Omit all pictures. Print the remaining lines exactly, from the start of the data through the line containing "Room Copenhagen LEGO".

=== Section Start ===

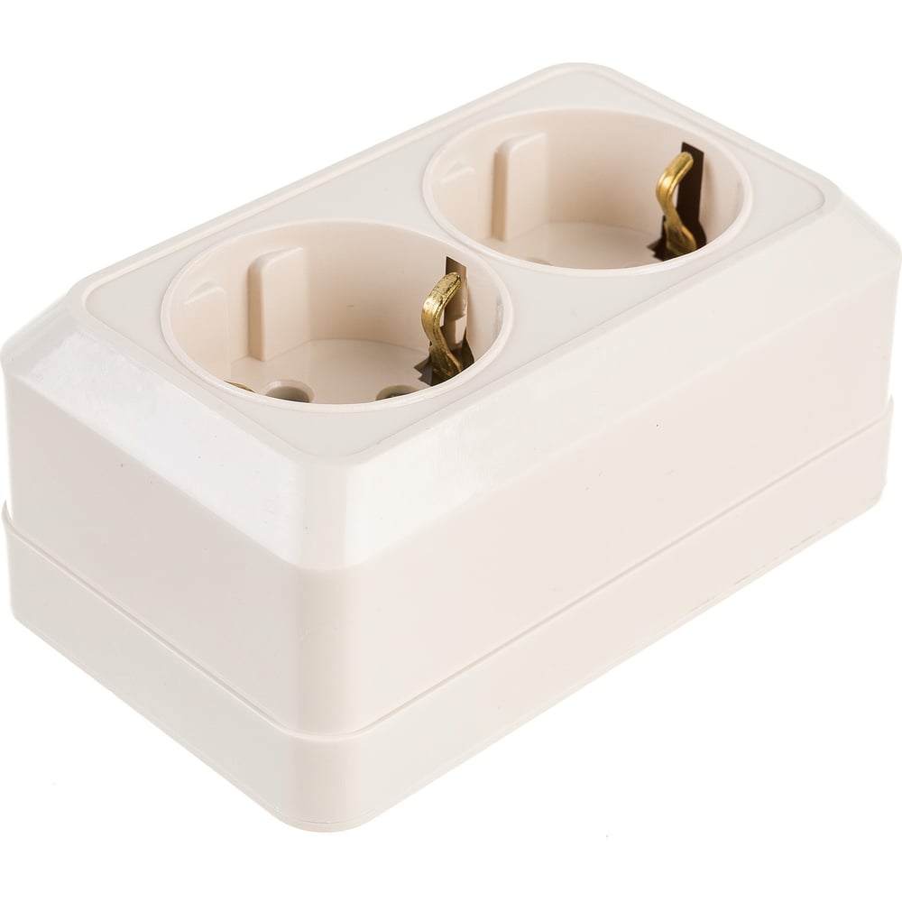 Розетка Intro Quadro с заземление двойная 2x2P+E Schuko, 16А-250В, IP20, открытая установка, слоновая кость, Б0053803
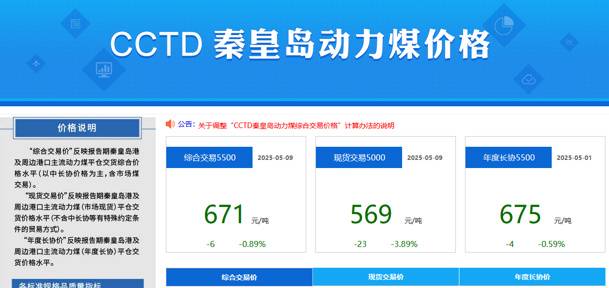 到2025年5月9日秦皇岛港5500大卡动力煤现货价格继续跌到每吨671元,跌势还在持续之中。
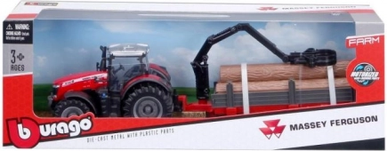 BRUDER traktor MASSEY FERGUSON 7480 z ładowaczem czołowym i przyczepą do kłód
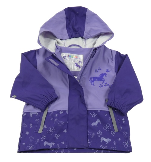 Fialovo-tmavomodrá nepromokavá bunda s koníkem a kapucňou Lupilu
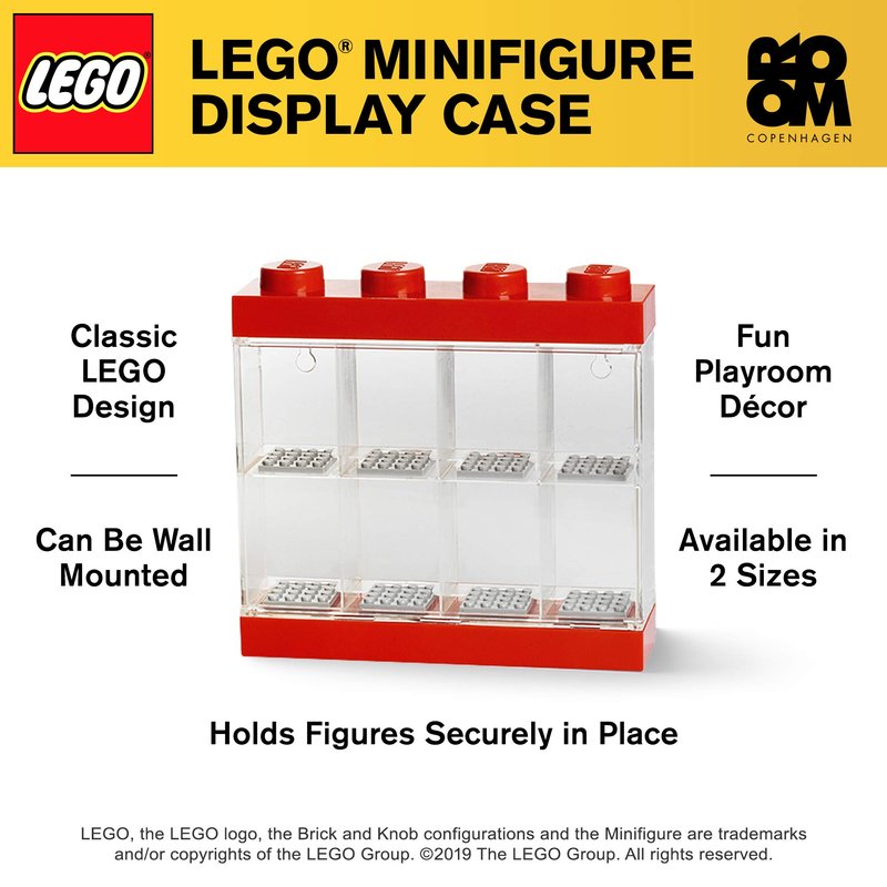 Room Copenhagen LEGO Minifigure Display Case, Stackable Storage Container for Collectible Figurines, 4 Stud, Bright Red
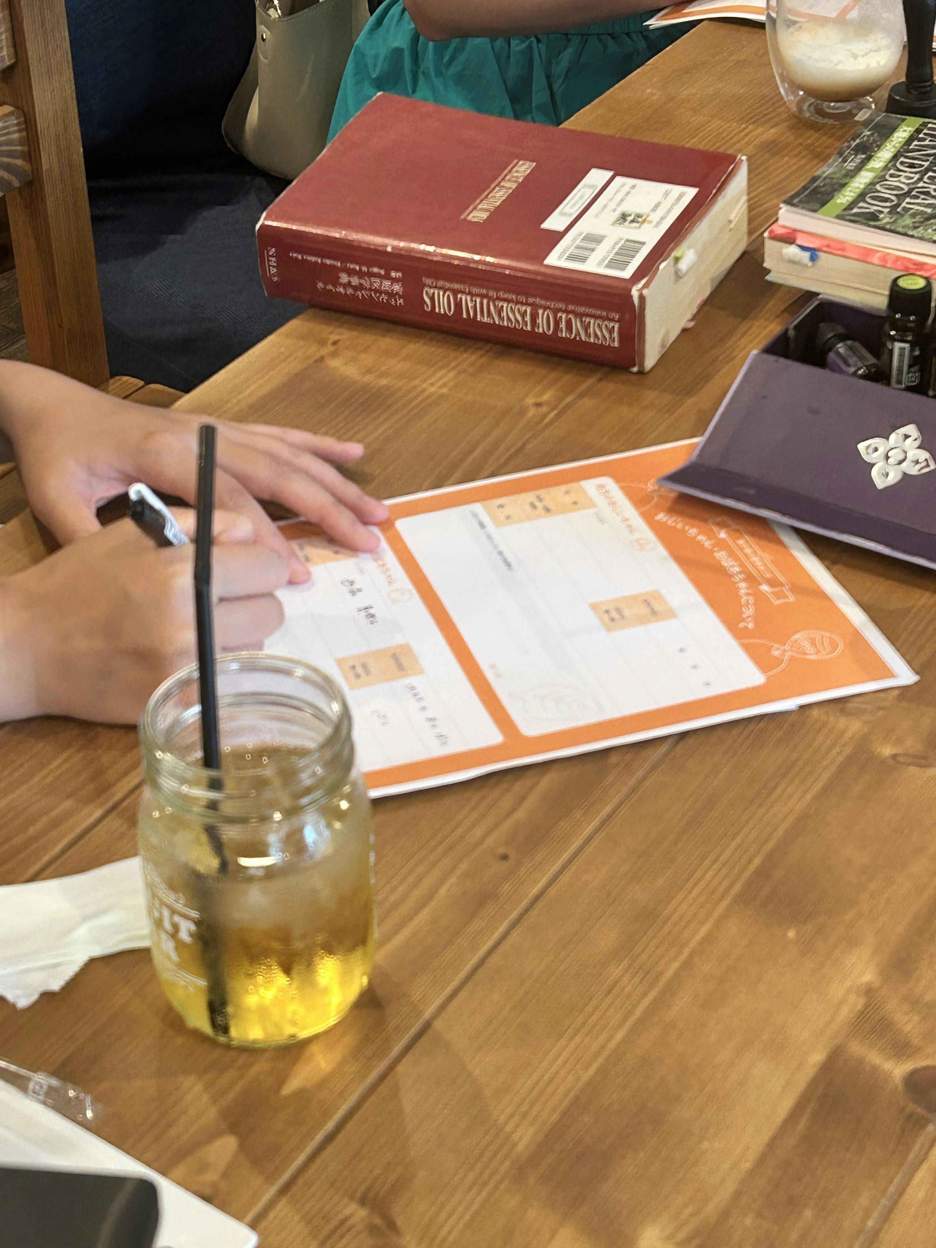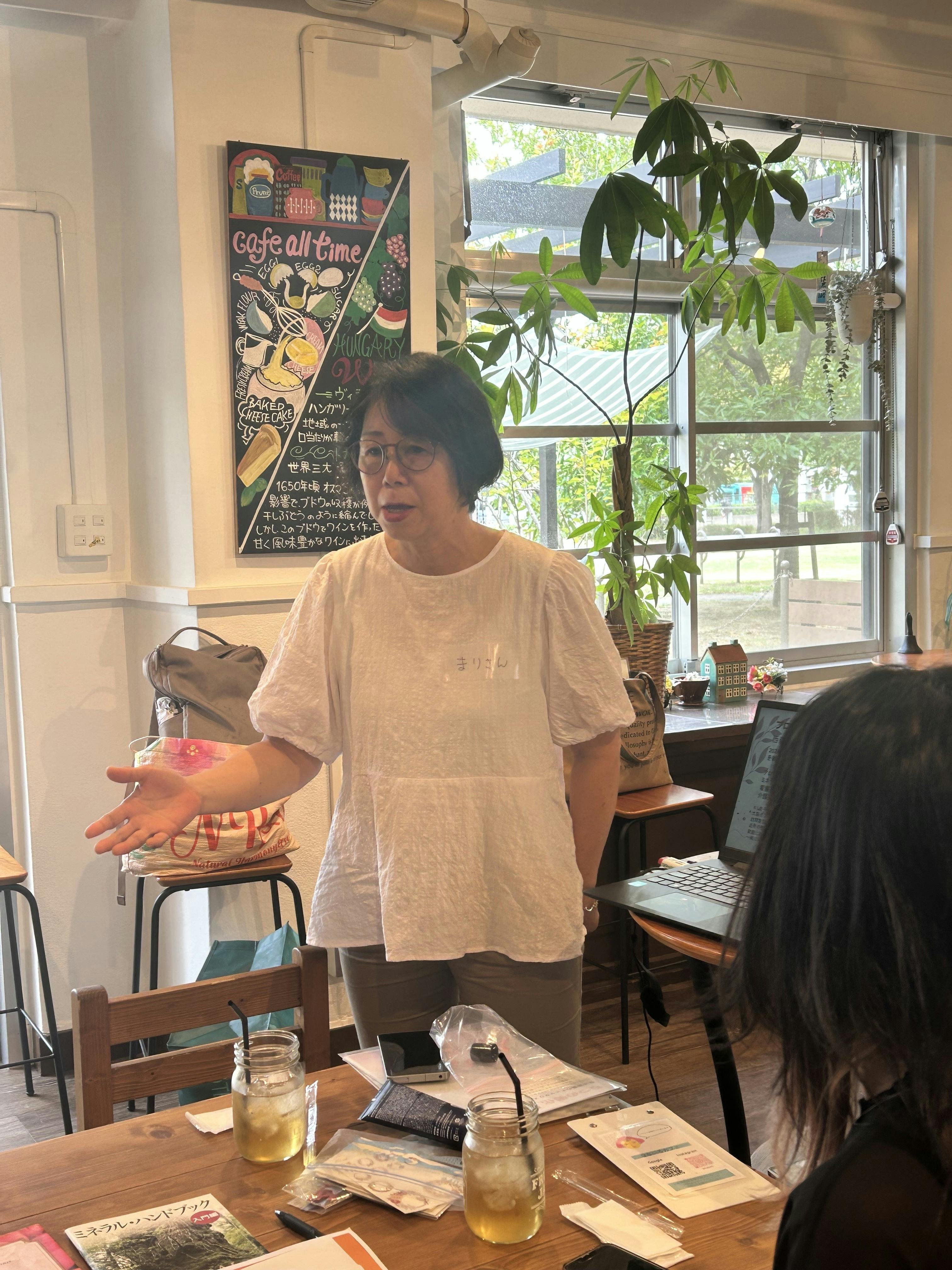 並行して、HAPPA NOTE®をより多くの方に知っていただく活動の一環として「HAPPAランチ会」も開催しています。9月11日には、阪神尼崎の「なないろカフェ」さんで、フェミニンケアのミニ講座とアロマオイル作りのワークショップ、そしてHAPPA NOTE®の体験ワークを行いました。

=== Section End ===

◆ **Reply to the task**:
 Розетка Intro Quadro с заземление двойная 2x2P+E Schuko, 16А-250В, IP20, открытая установка, слоновая кость, Б0053803
 到2025年5月9日秦皇岛港5500大卡动力煤现货价格继续跌到每吨671元,跌势还在持续之中。
 BRUDER traktor MASSEY FERGUSON 7480 z ładowaczem czołowym i przyczepą do kłód
 Fialovo-tmavomodrá nepromokavá bunda s koníkem a kapucňou Lupilu
 Room Copenhagen LEGO Minifigure Display Case, Stackable Storage Container for Collectible Figurines, 4 Stud, Bright Red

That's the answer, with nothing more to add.